A better-rested Jackson entertained small clusters of visitors in his apartment for most of the following day. He did go out to receive the Series MVP award at the Plaza Hotel. Walking to his car after the ceremonies, he found that he required the services of policemen to escape mobs on the sidewalks. "Before the Series they would just stop and stare," Jackson said. "Now they come right up. They're polite enough—not too many backslappers—but I could've been there all day signing autographs."

His performance in the Series did not, he felt, balance out the strife he endured during a season that had him variously at odds with his teammates, his manager and the fans. "No, it's more a relief," he said. He leaned back in his chair as if to demonstrate the point. "I feel almost let down now. I realize that a lot of what happened I brought on myself. When you get so much money, a lot is expected of you. There are too many numbers involved with the Yankees. You take the economic situation in the country, the city being bankrupt, and here we are, the pinstripers, the money men. Little things we did and said became major. To me I'm just another person. It confuses me when people get all hyped up over what I do. There are 800 million people in China who don't give a damn. But I feel happy about what happened. I feel a great strength. I feel good for the people who stuck by me. I feel happy for the kids who can see that I made it back after all those odds against me. It was hard enough earlier. Just think what it would've been like if I hadn't performed."

Jackson took a long pull on his beer. "Sure, I'll be a Yankee next year. I'm a Yankee mainly because of George Steinbrenner. I'll continue to be one because of George Steinbrenner. But I'll say this, if things aren't better next year, I'll quit. No, that's not quite it. I just don't know if I can take it, that's all. But how can things not be better next year?"

Some friends dropped in, notably the Rev. Jesse Jackson, the Chicago civil rights activist. Reggie asked them to wait in the dining room while he finished talking about himself.

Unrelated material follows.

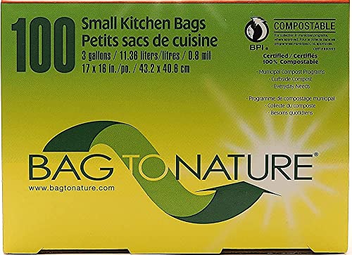 Bag to Nature- Biodegradable and Compostable Mini Kitchen Garbage Bags for Countertop Food Waste Compost Bins (by Bag-To-Nature, 100 Count)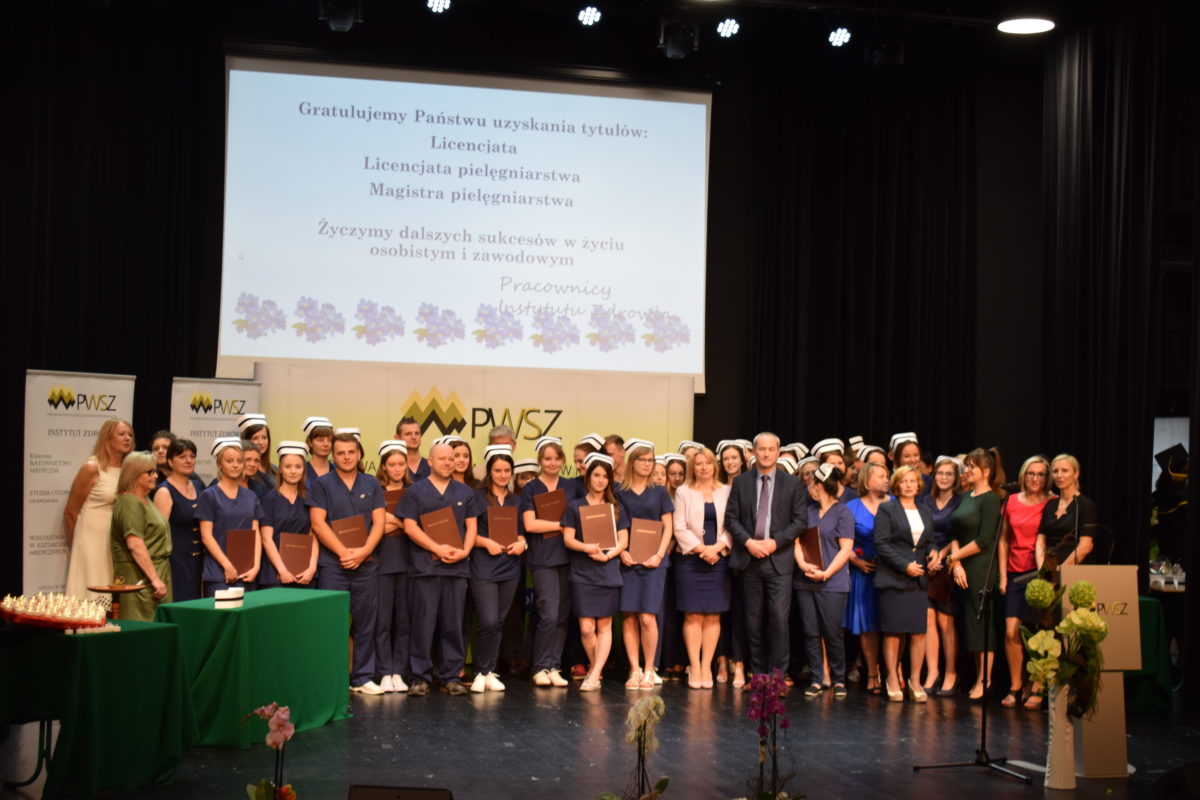 Po wystąpieniach nastąpiła długo oczekiwana chwila czepkowania absolwentów I stopnia kierunku Pielęgniarstwo oraz wręczenia dyplomów przez Dyrektora Instytutu Zdrowia dr hab. n. med. Ryszarda Gajdosza, prof. nadzw., Prorektor ds. studenckich i kształcenia dr Halinę Potok oraz Prorektora ds. nauki, rozwoju i współpracy doc. dr Marka Reichela. W pierwszej kolejności dyplom odbierali absolwenci, którzy uzyskali najlepsze wyniki w nauce oraz wyróżnili się działalnością na rzecz Uczelni i środowiska lokalnego. Tradycją Instytutu Zdrowia podczas takich uroczystości jest ceremoniał nałożenia czepka pielęgniarskiego i złożenia przyrzeczenia pielęgniarskiego. Czepek jest bardzo ważnym symbolem zawodu pielęgniarskiego, oznacza rzetelne przygotowanie do przyszłej pracy zawodowej oraz przestrzeganie etyki, świadczy o przynależności do grupy zawodowej pielęgniarek i pielęgniarzy.

He was going home to his Bay Area condominium in a few days, and he was looking forward to seeing his neighbors again, his old friends, some girls and his cats. This business of his requiring fan adulation is, he snorted, so much nonsense. He likes smaller groups, not adoring crowds.

Reggie left the room to pour some more wine for his other guests. Rev. Jackson stepped into the room. Like Reggie, he is a large, broad-faced, mustachioed man. The two Jacksons look enough alike to be brothers, which they are not.

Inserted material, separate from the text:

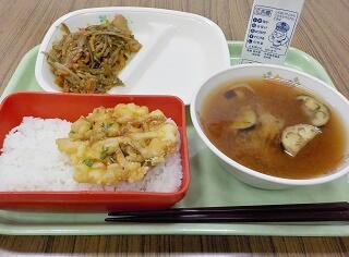 海鮮かき揚げ・茎わかめのきんぴら・豆腐とエノキの味噌汁 688kcal

"Because of his intelligence and his gifts, Reggie's domain is bigger than baseball," said Rev. Jackson. "All the bad pitches to him do not come on the diamond. He is a fascinating man. He has a sense of history, which so many athletes don't have. I think that's why he gets up for the big games. He has a sense of moment. Greatness against the odds is the thing. Anyone can be famous. Just by jumping out of one of these buildings you can be famous. To be great is a dimension of the authentic."

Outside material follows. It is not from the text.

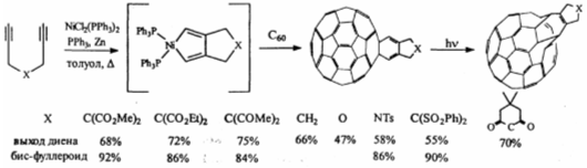 Аналогічні результати (без виділення дієна) отримані при використанні дипропаргілового ефіру і N,N-дипропаргілтозиламіна. Нагрівання η5 -біцикло[3.2.0]гепта-1,3 -дієнового комплексу кобальту в орто-дихлорбензолі також веде до утворення дієнового фрагмента, який захоплюється присутнім фулереном, утворюючи моно- і ізомерні біс-аддукти Дільса—Альдера з виходами 28 і 12%, відповідно:

Reggie came back into the room, looking authentic enough. "Hey, you don't have to go now," he said to some guests preparing to leave. "Sit down. Have some wine. We'll talk a while."

TWO PHOTOS

After each of his homers, the first two shots to right and the third a booming blow to center, Jackson tipped his cap to the adoring bleacher masses.

PHOTO

Olé! Torrez got a second Series win in Game 6.